BRIEF DESCRIPTION OF THE DRAWINGS

[0025] Figure 1 is a schematic representation of the general methods, systems and/or apparatus of certain embodiments of the invention.

[0026] Figure 2 is a schematic representation of the general methods, systems and/or apparatus of certain embodiments of the invention.

[0027] Figure 3 is a schematic representation of the general methods, systems and/or apparatus of certain embodiments of the invention.

[0028] Figure 4 is a schematic representation of the general methods, systems and/or apparatus of certain embodiments of the invention illustrating implementation in a catalyst fabrication system.

[0029] Figure 5 is a schematic representation of the general methods, systems and/or apparatus of certain embodiments of the invention illustrating implementation in a catalyst fabrication system.

Detailed Description

[0030] The present invention is generally directed toward systems and methods for fabricating a catalyst and systems and methods for monitoring fabrication of a catalyst. Catalysts prepared in conjunction with the following systems, methods, and their equivalents are more consistent, for example, from batch to batch, which promotes stability of the reaction process in which the catalyst is ultimately used.

[0031] In a class of embodiments, a general method 100 of the invention can be described, for example, with reference to Figure 1, in which a starting weight of a first container or of a first material stored therein is determined in operation 102 using a weight scale, the first material being a component used for catalyst fabrication. In operation 104, after at least some of the first material is transferred to a second container, a weight of the first material transferred to the second container is determined using a mass flow meter. In operation 106, an ending weight of the first container or of the first material stored therein is determined using the weight scale. In operation 108, a change of weight of the first container or of the first material stored therein is determined. In operation 110, the weight determined by the mass flow meter, or derivative thereof, is compared to the change of weight, or derivative thereof, of the first container or of the first material stored therein. In operation 112, a further action is performed if the weight determined by the mass flow meter, or derivative thereof, is different than the change of weight, or derivative thereof, of the first container or of the first material stored therein.

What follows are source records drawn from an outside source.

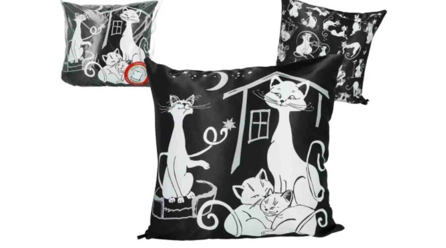 Párna 45x45cm, polyester, fekete alapon fehér macskás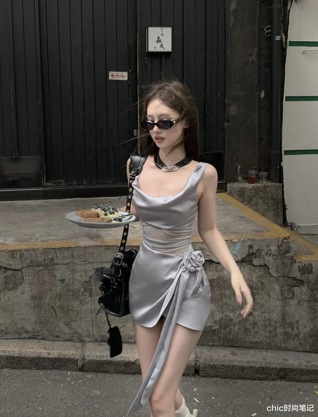 缎面裙竟也能穿出辣妹时髦感!银灰色荡领缎面短裙上点缀着玫瑰花和飘带,腰间做了收腰设计更能展现腰身,妥妥的辣妹。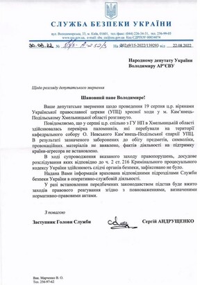 An MP from the European Solidarity Volodymyr Aryev on his Facebook page said that the SBU did not find any provocative materials during the UOC cross procession from Kamyanets-Podilskyi to the Pochaiv Lavra.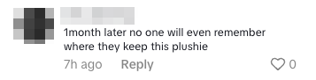 “1 month later, no one will even remember where they kept this plushie,” another commented.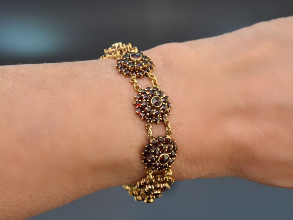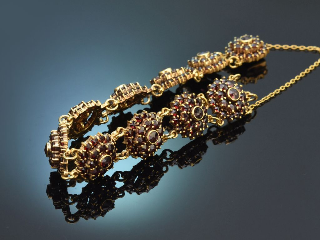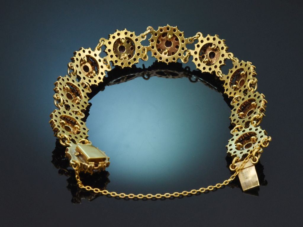 Das wunderschön funkelnde Armband besteht aus zehn rosettenförmigen Gliedern, in denen sich jeweils um eine mittig platzierte Granatrose zwei Reihen weiterer funkelnder Granatrosen reihen. Die runden Glieder sind durch Ösen beweglich miteinander verbunden und legen sich dadurch angenehm um das Handgelenk. Ein unsichtbar integriertes Kastenschloss sowie eine Sicherungskette garantieren zudem einen sicheren Halt.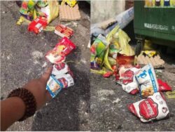 Bakul Makanan yang disumbang YB akhirnya dihumban ke tong sampah

[0032] Further details of catalyst fabrication systems and methods, including specific apparatuses adapted therefore, are described below, and each of the below-described details are specifically considered in various combination with these and other embodiments described herein.

[0033] In another class of embodiments, with reference to the method 200 and Figure 2, a starting weight of a second container is determined using a weight scale in operation 202. In operation 204, after at least some of a first material is transferred from a first container to the second container, the first material being a component used for catalyst fabrication, a weight of the first material transferred to the second container is determined using a mass flow meter. In operation 206, an ending weight of the second container is determined using the weight scale. In operation 208, a change of weight of the second container is determined. In operation 210, the weight determined by the mass flow meter, or derivative thereof, is compared to the change of weight, or derivative thereof, of the second container. In operation 212, a further action is performed if the weight determined by the mass flow meter, or derivative thereof, is different than the change of weight of the second container, or derivative thereof.

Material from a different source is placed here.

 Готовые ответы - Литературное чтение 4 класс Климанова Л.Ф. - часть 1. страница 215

[0034] In another class of embodiments, with reference to the method 300 and Figure 3, a solid material is added to a reaction vessel in operation 302, the solid material being a component used for metallocene catalyst fabrication. In operation 304, a first liquid material is added to the reaction vessel, the first liquid material being another component used for the metallocene catalyst fabrication. In operation 306, an amount of the first liquid material added to the reaction vessel is determined ^vusing a mass flow meter during the adding of the first liquid material to the reaction vessel. In alternative operation 308, an amount of the first liquid material added to the reaction vessel is determined using a weight scale. In optional operation 310, a further action is performed if the amount determined by the flow meter is different than the amount determined by the weight scale, if the amount determined by the flow meter is different than a predetermined amount, and/or if the amount determined by the weight scale is different than a predetermined amount.

[0035] The present invention also includes devices and systems effective for fabricating a catalyst according to the aforementioned methods. In general, such devices are systems or apparatus that comprise a reaction vessel, one or more source containers, one or more weight scales, and one or more mass flow meters.

[0036] For example, a preferred general system 400 of the invention, shown in Figure 4, may comprise a first container 402 containing a first material 404 where the first material 404 is a component used for catalyst fabrication, a reaction vessel 406 for receiving the first material 404, a mass flow meter 408 for determining a weight of the first material 404 transferred to the reaction vessel 406, and at least one weight scale 410 for selectively determining a weight of: the first container 402, the first material 404 stored in the first container 402, the reaction vessel 406, and/or materials stored in the reaction vessel 406.

[0037] While the present invention is applicable to liquid/solid-based catalyst production, the broad concepts and teachings herein also have applicability to many types of processes, including but not limited to, gas phase, gas/solid phase, liquid/solid phase, gas/liquid phase, and gas/liquid/solid phase catalyst reactor systems including polymerized catalyst reactor systems; gas phase, gas/solid phase, liquid/solid phase, gas/liquid phase, and gas/liquid/solid phase batch charge preparation systems, etc.

[0038] For ease of understanding of the reader, as well as to place the various embodiments of the invention in a context, much of the following description shall be presented, for illustration, in terms of a commercial, metallocene catalyst production system. It should be kept in mind that this is done by way of non- limiting example only.

[0039] Using the methods and systems as described herein results in, for example, a simple, commercially useful and cost effective catalyst which is consistent from batch to batch. Further, any deviations from optimal material transfer can be detected early on, resulting in the ability to adjust the fabrication process to account for the deviation, as well as terminate fabrication early in the process if an unrecoverable error occurs.

[0040] The catalysts creatable using the systems and methods described herein are useful in any reaction process, including polymerization processes, such as solution, slurry, and gas phase processes. In a class of embodiments, the invention in one aspect creates a polymerization catalyst that results in better reactor operability by ensuring the composition and quality of the particular catalyst.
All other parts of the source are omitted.